Assessing Professionalism in Medicine – A Scoping Review of Assessment Tools from 1990 to 2018

Kuang Teck Tay, Shea Ng, Jia Min Hee, Elisha Wan Ying Chia, Divya Vythilingam, Yun Ting Ong , Min Chiam , Annelissa Mien Chew Chin , Warren Fong , Limin Wijaya , Ying Pin Toh , Stephen Mason, Lalit Kumar, Radha Krishna
Submitted: January, 2020

Medical professionalism enhances doctor-patient relationships and advances patient-centric care. However, despite its pivotal role, the concept of medical professionalism remains diversely understood, taught and thus poorly assessed with Singapore lacking a linguistically sensitive, context specific and culturally appropriate assessment tool.
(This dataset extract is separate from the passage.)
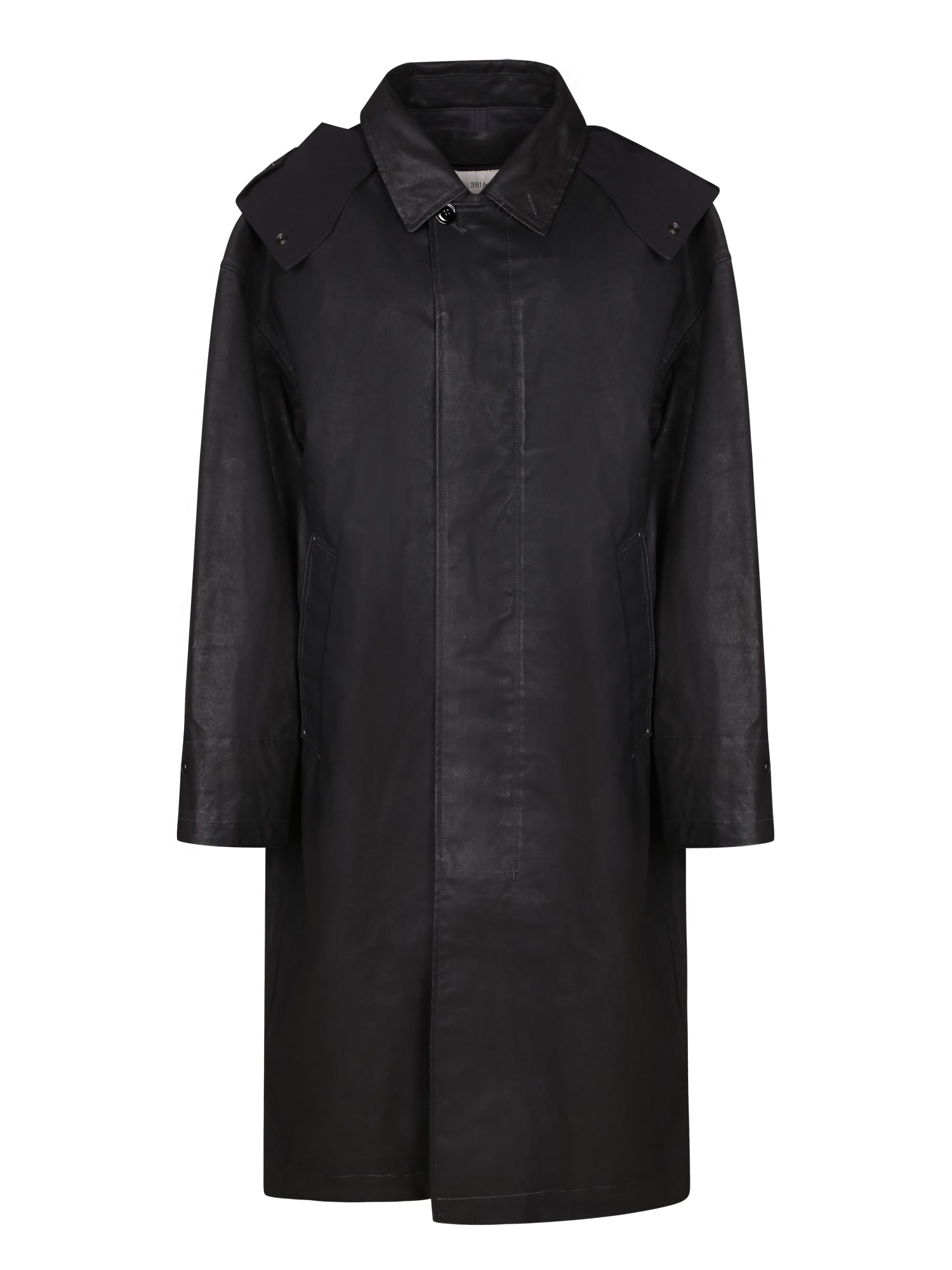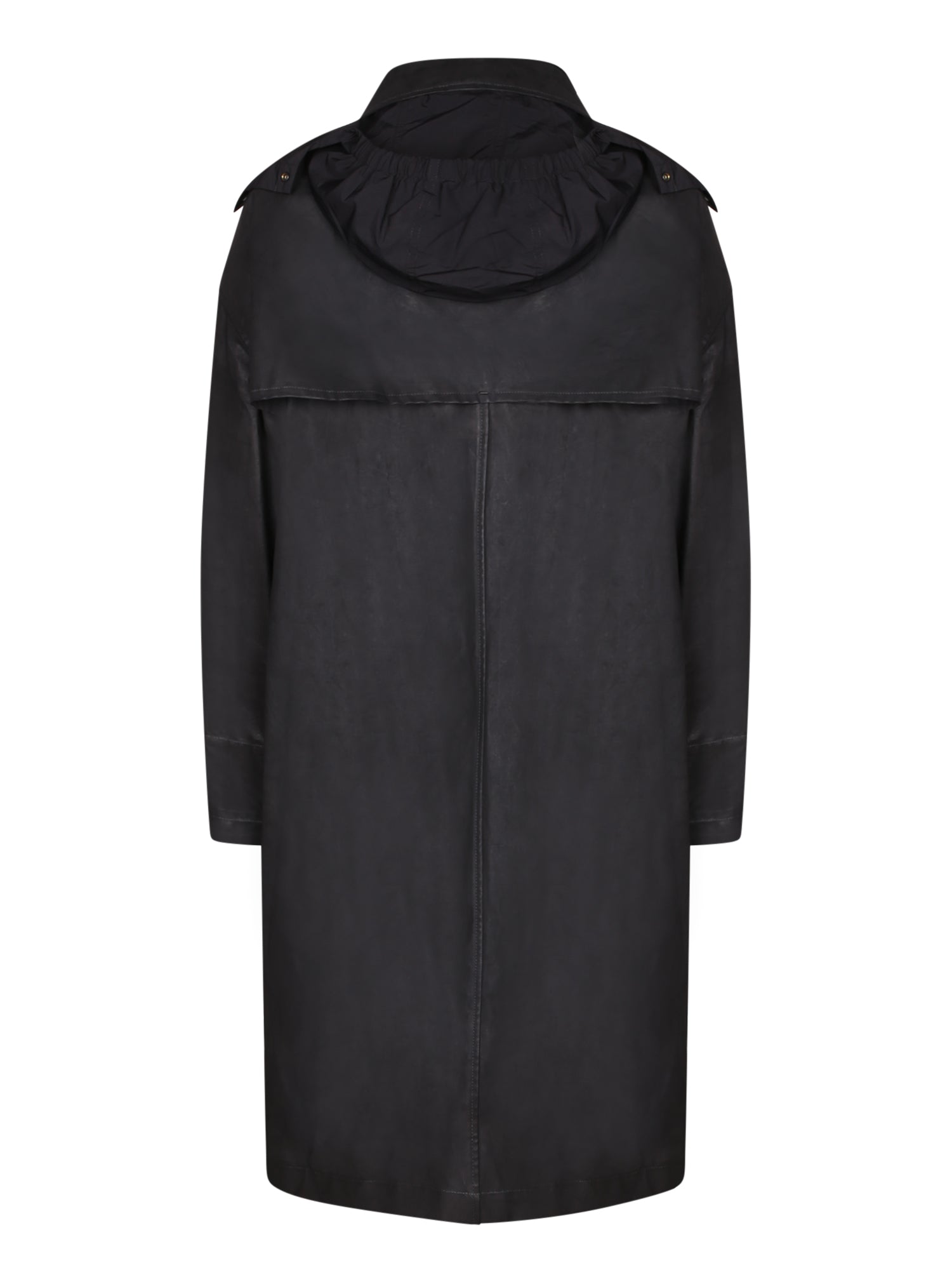 Long coat in waterproof technical fabric. Features a hood, front zip and snap button closure, side zip pockets.

Arksey and O’Malley’s approach was used to identify appropriate publications featured in four databases published between 1 January 1990 and 31 December 2018. 3799 abstracts were identified, 138 full-text articles reviewed and 74 studies included. Prevailing assessments of professionalism in medicine must contend with differences in setting, context and levels of professional development as these explicate variances found in existing assessment criteria and approaches. However, acknowledging the significance of context-specific competency-based stages in medical professionalism will allow the forwarding of guiding principles to aid the design of a culturally-sensitive and practical approach to assessing professionalism.